■ What the exercise asks ■
Print the lines of the entries below from the one with "欲張ってブリ丼まで頼んでもうた🤣 無料のタマネギスープついてた❗️ 寒かったから身体あったまる〜" through the final line, exactly as they appear. The pictures are not part of the copy.

[Excerpts from a dataset]
*** Block opens ***

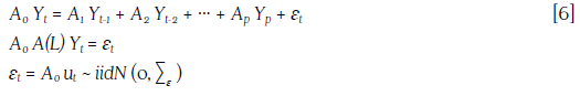 donde Yt son vectores k x 1 de variables endógenas del sistema, Yt-1 son los vectores de las mismas variables endógenas de forma rezagada en i, A1 con las matrices k x k de coeficientes y ɛt es un vector k x 1 homoscedástico y no autocorrelacionado.
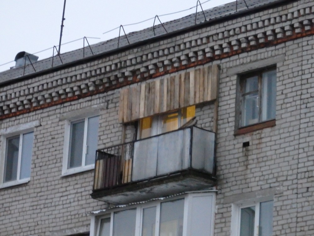 А здесь не хватило рам — обычно вижу, что жители стараются увеличить площадь балкона, но чтобы в сторону уменьшения — в первый раз увидела)
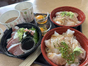 欲張ってブリ丼まで頼んでもうた🤣 無料のタマネギスープついてた❗️ 寒かったから身体あったまる〜
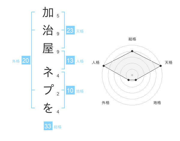加治屋 ネプをさんを姓名の画数から五運を鑑定
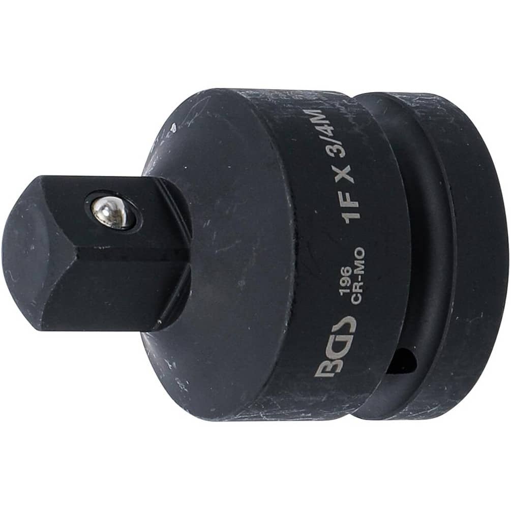 Adaptateur de clé à douille à choc BGS, conçu pour permettre l'utilisation de douilles de 25 mm (1 pouce) avec des outils à entraînement mâle de 20 mm (3/4 pouce). Fabriqué en acier robuste, cet adaptateur assure une transmission efficace du couple tout en garantissant une grande durabilité.Caractéristiques principales
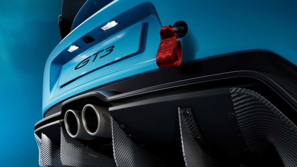 نسخه فیسلیفتشده 911 GT3 اکنون با یک کیت آیرودینامیکی جدید ارائه میشود که شامل دیسکهای فیبرکربن روی چرخهای عقب است. این قطعات جذاب مقاومت هوا را کاهش میدهند، هرچند طراحی زیرین چرخها همچنان متقارن است. چرخهای جدید 20 اینچی جلو و 21 اینچی عقب در مجموع حدود ۶ کیلوگرم از وزن خودرو کم میکنند.
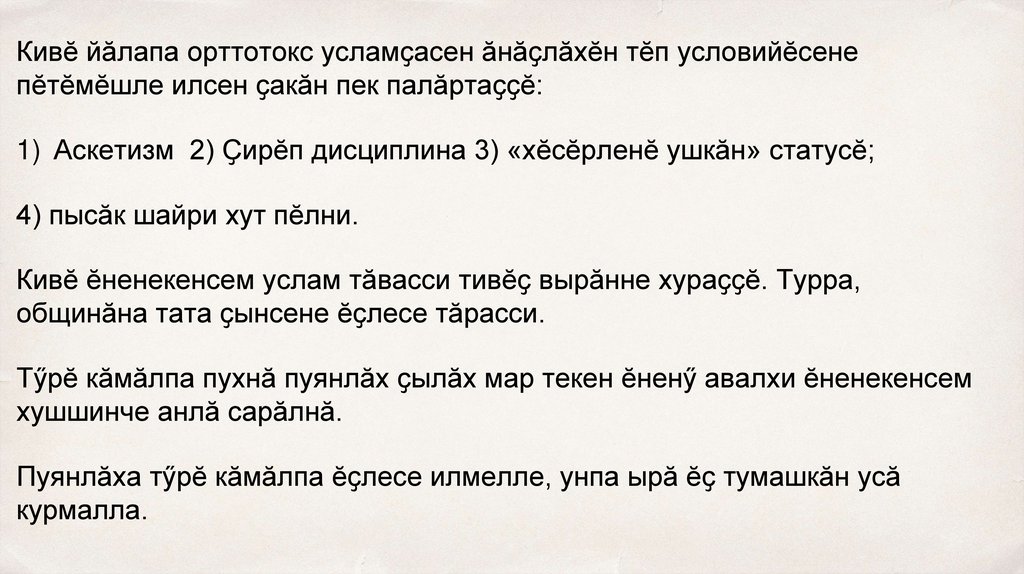 1) Аскетизм 2) Ҫирӗп дисциплина 3) «хӗсӗрленӗ ушкӑн» статусӗ;

*** Block closes ***

■ Problem solution ■
 欲張ってブリ丼まで頼んでもうた🤣 無料のタマネギスープついてた❗️ 寒かったから身体あったまる〜
加治屋 ネプをさんを姓名の画数から五運を鑑定
 Adaptateur de clé à douille à choc BGS, conçu pour permettre l'utilisation de douilles de 25 mm (1 pouce) avec des outils à entraînement mâle de 20 mm (3/4 pouce). Fabriqué en acier robuste, cet adaptateur assure une transmission efficace du couple tout en garantissant une grande durabilité.Caractéristiques principales
 نسخه فیسلیفتشده 911 GT3 اکنون با یک کیت آیرودینامیکی جدید ارائه میشود که شامل دیسکهای فیبرکربن روی چرخهای عقب است. این قطعات جذاب مقاومت هوا را کاهش میدهند، هرچند طراحی زیرین چرخها همچنان متقارن است. چرخهای جدید 20 اینچی جلو و 21 اینچی عقب در مجموع حدود ۶ کیلوگرم از وزن خودرو کم میکنند.
 1) Аскетизм 2) Ҫирӗп дисциплина 3) «хӗсӗрленӗ ушкӑн» статусӗ;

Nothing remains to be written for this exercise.